ART + SCIENCE: Jeanine Michna-Bales
Jeanine Michna-Bales is a photographer based in Dallas, Texas. Her series THE BARNETT SHALE: A FRACK-TURED LAND was awarded the PhotoNOLA Portfolio Review Prize in 2015. Through her work, Michna-Bales addresses socio-political issues of the past and present, exposing current vulnerabilities and shedding light on prior events whose pasts are out of sight yet not out of mind. Although Michna-Bales possesses a left-brained approach to communicating her message, employing well-organized facts and documentation, she also delivers her message with a keen visual sensibility.
The photographs from the series THE BARNETT SHALE: A FRACK-TURED LAND allow the viewer to become witness to an array of locations that are effected by hydraulic fracturing of the land, commonly referred to as “fracking.” Presented are recognizable landscapes, from rural backyards to freeways. Yet it’s in the detail of her use of light, shadow, movement and overall composition that helps present an inviting and simultaneously threatening sense of place, delivering these photographs firmly within the right-brained world.
Jeanine Michna-Bales’ (American, b. 1971) work explores the relationships between what has occurred or is occurring in a society, and how people have chosen to react to those events. Michna-Bales meticulously researches each topic—considering different viewpoints, causes and effects, and political climates—and often incorporates found or archival text and audio.
Whether exploring the darkened stations along the Underground Railroad, long-forgotten nuclear fallout shelters, or the invisible epicenters of environmental turmoil, her work seeks out places that are hidden in plain sight.
Images from her series about the Underground Railroad have appeared in group shows around the United States, including Moving Walls 23: Journeys (up through September 9, 2016, at Open Society Foundations in New York) and Southern Exposure: Portraits of a Changing Landscape at the Museum of Contemporary Art Jacksonville. Her work has been published in In Sight from The Washington Post, Harper’s Magazine, GEO Histoire, Harvard University’s Transition magazine, and WIRED Raw File. In 2014, she was named to the Photolucida Critical Mass Top 50. Her forthcoming book, Through Darkness to Light: Seeking Freedom on the Underground Railroad, will be released by Princeton Architectural Press in February 2017.
THE BARNETT SHALE: A FRACK-TURED LAND
When we moved from San Francisco, California to Dallas, Texas 11 years ago, earthquakes were the last thing on our minds. Prior to a series of ten earthquakes in a 24-hour period the end of October in 2008, the Dallas-Ft. Worth area had virtually no earthquakes on record. Since then, the number of earthquakes and their magnitudes have been increasing at an alarming rate, with over 80 in 2015 at 1.5 magnitude or higher on the Richter Scale.

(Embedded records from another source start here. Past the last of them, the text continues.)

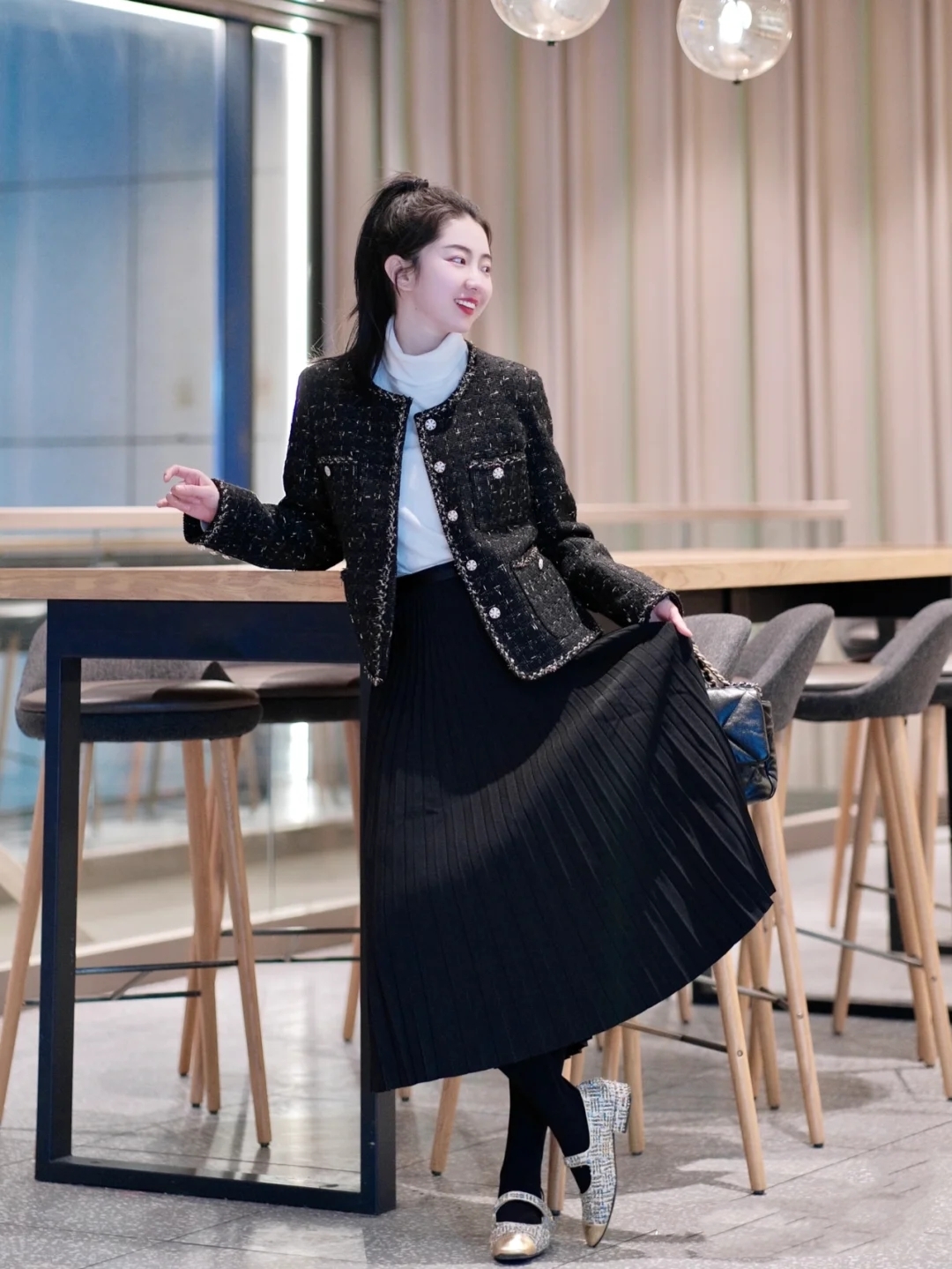 小香风半身裙搭配图片:小香风外套配百褶长裙和小高跟,完美诠释30岁女人的轻熟风!
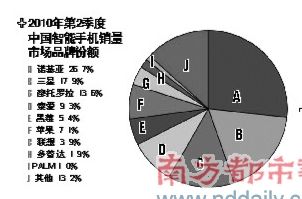 市場(chǎng)調(diào)研機(jī)構(gòu)易觀國(guó)際最新監(jiān)測(cè)數(shù)據(jù)顯示,中國(guó)智能手機(jī)市場(chǎng)2010年第2季度國(guó)內(nèi)銷售總量達(dá)1348.1萬部(不計(jì)黑手機(jī)和水貨手機(jī)),環(huán)比增長(zhǎng)27.5%.在蘋果iOS與谷歌Android平臺(tái)沖擊下,Symbian合作伙伴在資源投入方面出現(xiàn)分化跡象,紛投蘋果、谷歌陣營(yíng),導(dǎo)致背后的諾基亞市場(chǎng)份額持續(xù)下滑。
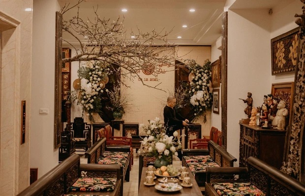 Trong căn nhà ở Hàng Bông, Xuân Hinh trang trí đồ nội thất bằng gỗ màu đen để tạo không gian ấm cúng, sang trọng và truyền thống.
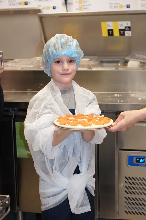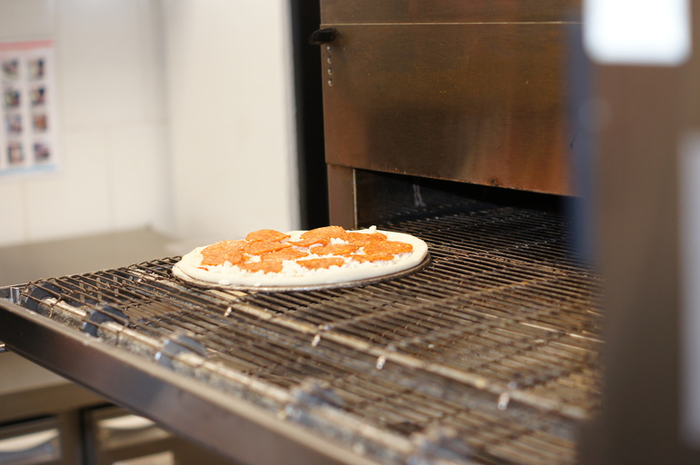 потом полуфабрикат ставится в печь. здесь меня лично постигло разочарование - печь не каменная, а электрическая. но процесс вполне забавный! пицца медленно едет на решетке внутрь, а с другой стороны выезжает полностью готовая!

The Dallas-Ft. Worth Metroplex sits on top of The Barnett Shale Formation, encompassing 17 counties in Northeast Texas impacting a population of almost 6 million. It has been undergoing the aggressive process to release oil and natural gas called hydraulic fracturing, or ‘fracking,’ which scientists have linked to earthquakes; air and groundwater contamination; health issues in livestock and humans; and dangerous pipeline and well blowouts.
As a way of processing what I was learning, I started visually documenting the epicenters of each earthquake, as well as some of the other impacts of fracking on our area. Recent scientific studies have stated that wastewater injection wells can activate fault lines up to 50km (about 31 miles away) causing “induced” earthquakes. In addition, the United States Geological Survey (USGS) just released maps highlighting vulnerable areas to man-made earthquakes — suddenly 7 million people are living in quake zones where, historically, noticeable earthquakes were rare: Texas, Colorado, Arkansas, Kansas, New Mexico, Oklahoma, Ohio and Alabama. These areas have no seismic building codes or retrofitted infrastructure, making the areas ripe for a disaster.
Two percent of Texans hold mineral rights. Yet, the Texas State Legislature passed House Bill 40 in May, 2015 — effectively siding with the oil and gas companies against local citizens by overturning a fracking ban in Denton County. Texas has become the front lines in the war on fracking. Because shale formations lie quietly below most of the Earth’s surface, I believe this project is fast-becoming relevant to us all.